Screen Shot 2015-01-26 at 8.58.35 PMI love this activity that Cynthia recently posted! I’m going to call it ‘Silent Film‘.

I always hesitate to use actors when reading novels because there is often a lot of narration and not a ton of actual action, but this is a great way to make ANY chapter actable–by pulling out the action moments. Smart lady 🙂


I finally tried out this activity today (15 April) to review a story with my students, and it was great! We did have a few hurdles to jump through. Here is how it went:

Good: I projected the script on the board since the kids didn’t have a copy of the text (Cynthia had the kids looking through the chapter from the book when she used this event).

Good: I used the ‘Numbered Heads Together’ structure for the activity. Kids worked in groups of three and had to decide as a group what the event was–just talking, no writing.
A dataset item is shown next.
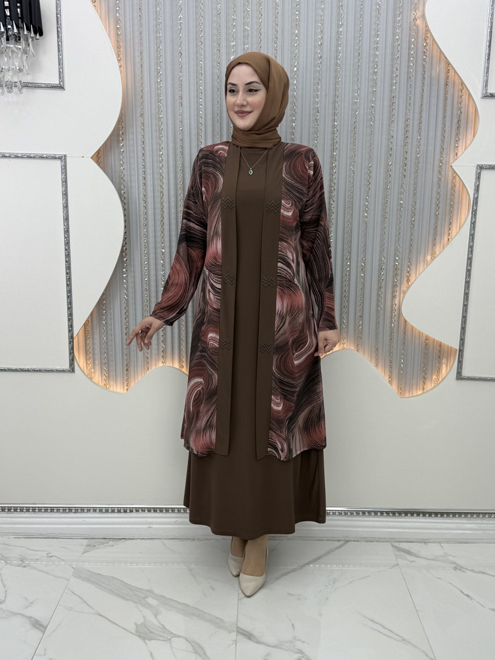 Galaksi Elbiseli Hırka Kahverengi
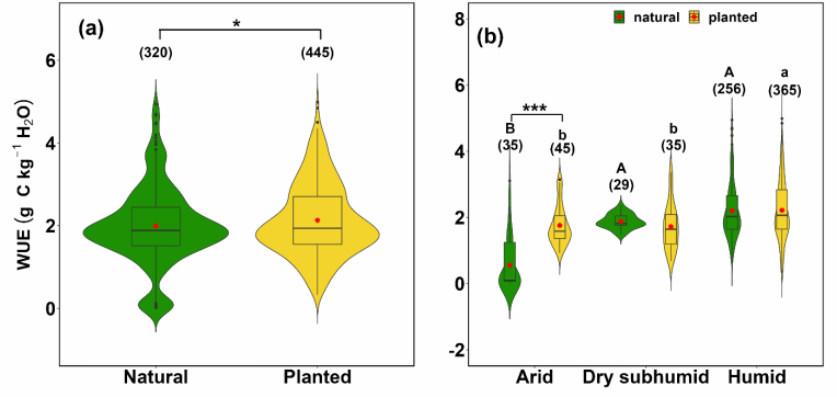 图3 全球人工林和天然林水分利用效率在干旱区、半干旱半湿润区、湿润区分布

Then, I called out a letter (Person A, B, or C), and that person grabbed their group’s whiteboard and wrote down the event. They had to write it down exactly as it was written in the original text (forcing them to re-read it, versus working from their often inaccurate memories), and any group that got it right on their first try received a point.

Bad: I think I chose the wrong kids to be actors. They are good actors, but they needed too much ‘think time’. It was taking them FOREVER after they saw the scene to figure out what they were going to do. Meanwhile, the rest of the class was waiting…waiting…waiting. Choose your actors carefully!! I think that I would also give all of the events to the actors at the beginning so that they have time to look over upcoming events while the groups are thinking and discussing the current scene.

Bad: I chose bad scenes. Some of them were good, but some of them were too abstract. I had three girls, and I told the class that their roles could change throughout the course of the activity. Not a good idea. I needed to stick with one person for each character and not have anyone be an abstract something like a plant. It confused the actors and the rest of the class!

Good: After two scenes, I fired those actors and switched to a ‘charades’ format. I called up one person at a time to be the artist and draw the scene, and the activity continued the same way. This allowed us to do abstract scenes, and there was no role-switching. Not as entertaining as acting it out, but it was a good fix.

Bad: I didn’t keep track of points; I left that up to groups…and they either didn’t keep track or were not very honest. Punks!